The copy must run from the line containing "البعثات الدبلوماسية قدمت التهاني لسمو الأمير" through the final line of the records, both included, exactly as written. It should contain no pictures.

++++++++++++++++++++

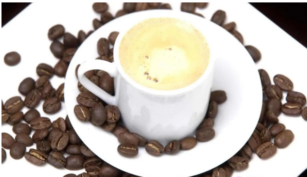
Heladeria del abuelo malvin cafe
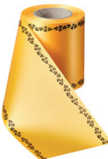
Art.-Nr.: 06739 Farbe: 053 freesia
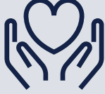
المنح والتبرعات الخيرية
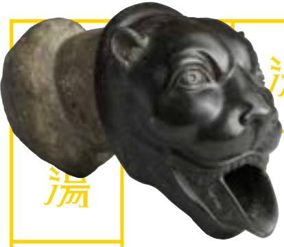
《ライオン頭形の吐水口》1世紀 ナポリ国立考古学博物館蔵
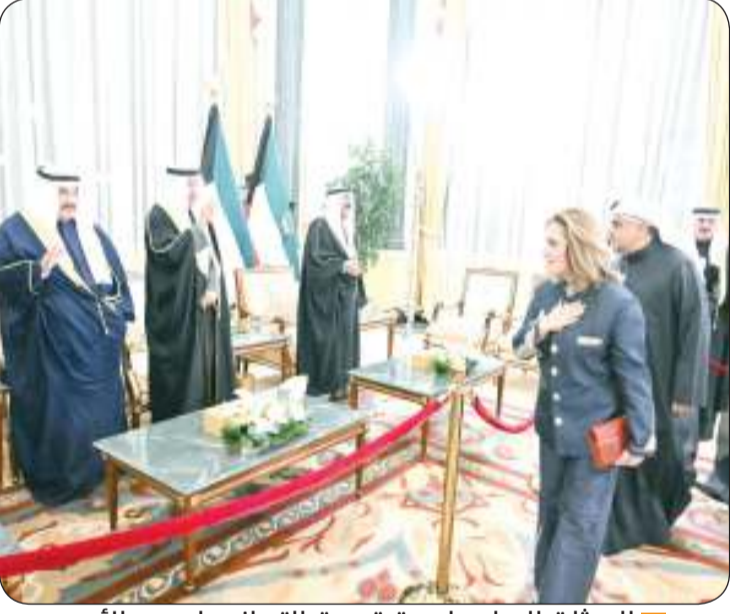
البعثات الدبلوماسية قدمت التهاني لسمو الأمير
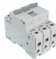
4420.0308 Schurter Inc. CIR BRKR THRM MAG 20A 480V 65V
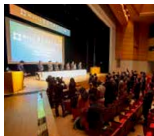
国内外の専門家等が集う世界防災フォーラム。防災・減災の取り組みを世界へ発信します（写真は令和元年開催時）

図ります。また、中小企業のオンラインを活用した販路開拓やテレワーク導入支援を進めます。 仙台・東北の多様な魅力を伝えるローカルツーリズムなどの取り組みを進めるとともに、コロナ後を見据え、台湾やタイへのプロモーションを強化します。また、G7関係閣僚会合の誘致を交流人口拡大につなげます。さらに、文化芸術の力をまちづくりに生かすため（仮称）仙台市文化芸術推進基本計画」の策定を開始します。 本市の良好な都市環境をアピールする好機となる全国都市緑化仙台フェアの開催準備を加速するとともに、世界防災フォーラムなどの国際会議を通して、本市の魅力国内外に発信します。 ゼロカーボンシティの実現に向けては、製品プラスチックの一括回収・リサイクルを、令和5年度からの全市展開に向けて一部地域において先行実施します。 ガス事業民営化について、エネルギー情勢の変化を捉えながら着実に取り組み、地域経済の活性化
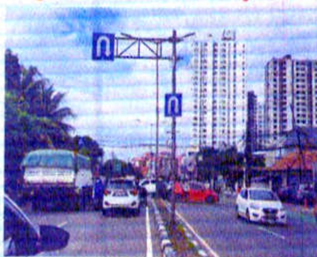
Putaran balik pejompongan.

Menanggapi rencana Dinas Perhubungan (Dis-hun) DKI itu, warga Bendungan Hilir berharap bahwa
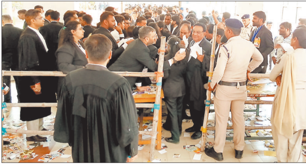
गुरुवार को छत्तीसगढ़ हाईकोर्ट बार एसोसिएशन चुनाव के दौरान अपनी पारी का इंतजार करते मतदाता।
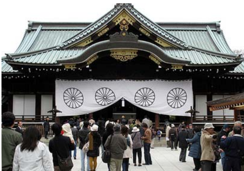
靖國神社で時を過ごしていると心がやすまります

昨日の 硫黄島 遺骨収集と元日本兵「 高砂義勇兵 」の英霊記念碑のエントリーをアップしてから、思うところあって靖國神社に参拝してきました。靖國神社もさくらまつりの初日とあって、境内には様々な露店が出店し、いろいろなイベントが開催されており、寒さにもかかわらず多くの参拝客で賑わっていました。

++++++++++++++++++++

#### WRITTEN RESPONSE
البعثات الدبلوماسية قدمت التهاني لسمو الأمير
4420.0308 Schurter Inc. CIR BRKR THRM MAG 20A 480V 65V
国内外の専門家等が集う世界防災フォーラム。防災・減災の取り組みを世界へ発信します（写真は令和元年開催時）

図ります。また、中小企業のオンラインを活用した販路開拓やテレワーク導入支援を進めます。 仙台・東北の多様な魅力を伝えるローカルツーリズムなどの取り組みを進めるとともに、コロナ後を見据え、台湾やタイへのプロモーションを強化します。また、G7関係閣僚会合の誘致を交流人口拡大につなげます。さらに、文化芸術の力をまちづくりに生かすため（仮称）仙台市文化芸術推進基本計画」の策定を開始します。 本市の良好な都市環境をアピールする好機となる全国都市緑化仙台フェアの開催準備を加速するとともに、世界防災フォーラムなどの国際会議を通して、本市の魅力国内外に発信します。 ゼロカーボンシティの実現に向けては、製品プラスチックの一括回収・リサイクルを、令和5年度からの全市展開に向けて一部地域において先行実施します。 ガス事業民営化について、エネルギー情勢の変化を捉えながら着実に取り組み、地域経済の活性化
Putaran balik pejompongan.

Menanggapi rencana Dinas Perhubungan (Dis-hun) DKI itu, warga Bendungan Hilir berharap bahwa
गुरुवार को छत्तीसगढ़ हाईकोर्ट बार एसोसिएशन चुनाव के दौरान अपनी पारी का इंतजार करते मतदाता।
靖國神社で時を過ごしていると心がやすまります

昨日の 硫黄島 遺骨収集と元日本兵「 高砂義勇兵 」の英霊記念碑のエントリーをアップしてから、思うところあって靖國神社に参拝してきました。靖國神社もさくらまつりの初日とあって、境内には様々な露店が出店し、いろいろなイベントが開催されており、寒さにもかかわらず多くの参拝客で賑わっていました。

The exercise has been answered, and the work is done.